### BRIEF
Leave the pictures out and restate every line below exactly.

### DATA
*** Block opens ***

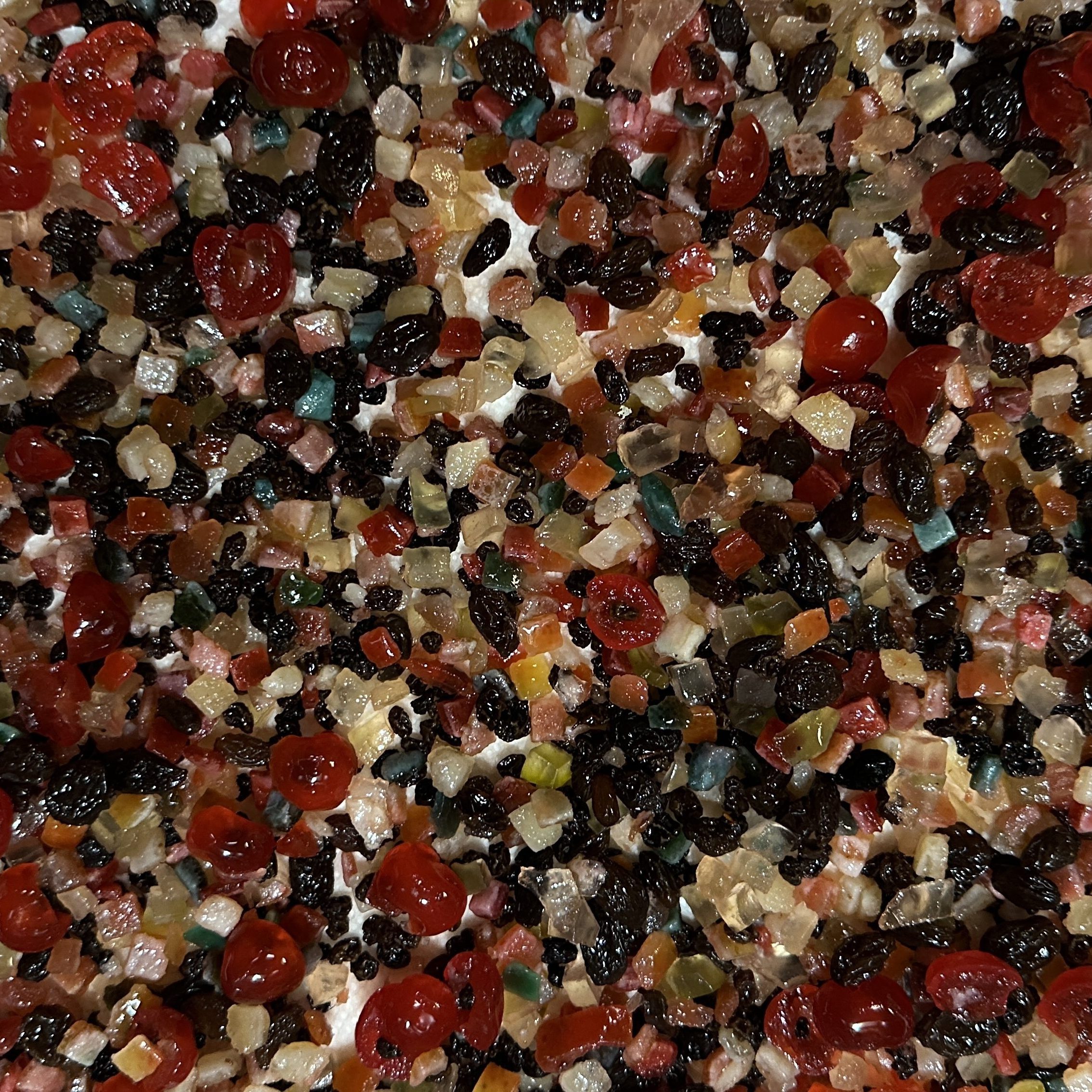 Combine the raisins, currants, candied citrus peel, angelica, and cherries in a bowl. Pour the Rum over the preceding mixture, tossing the fruit about to coat the pieces evenly. Soak at least one hour.
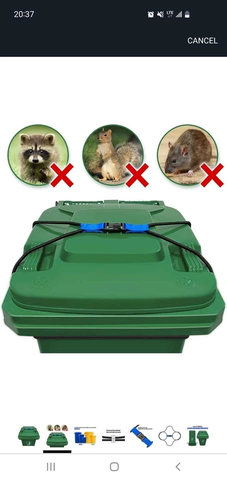 Trash Can Lock, Lid Lock for 30-50 Gal Outdoor Garbage Cans, Heavy Duty Bungee Cord Garbage Can Lock for Animals, Squirrels, Dogs, Raccoons
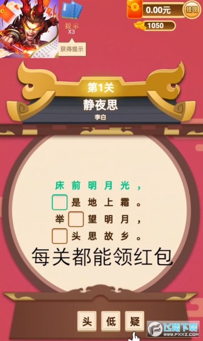 新吕布战诗词是艾睿普斯旗下热门赚钱游戏,吕布战诗词的全新版本,在丰富了更多的关卡同时,游戏提供多种赚红包的方式,诗词填字,过关获得金币元宝,都能够兑换现金红包提现而出。

*** Block closes ***

### EXERCISE RESULT
 Combine the raisins, currants, candied citrus peel, angelica, and cherries in a bowl. Pour the Rum over the preceding mixture, tossing the fruit about to coat the pieces evenly. Soak at least one hour.
 Trash Can Lock, Lid Lock for 30-50 Gal Outdoor Garbage Cans, Heavy Duty Bungee Cord Garbage Can Lock for Animals, Squirrels, Dogs, Raccoons
 新吕布战诗词是艾睿普斯旗下热门赚钱游戏,吕布战诗词的全新版本,在丰富了更多的关卡同时,游戏提供多种赚红包的方式,诗词填字,过关获得金币元宝,都能够兑换现金红包提现而出。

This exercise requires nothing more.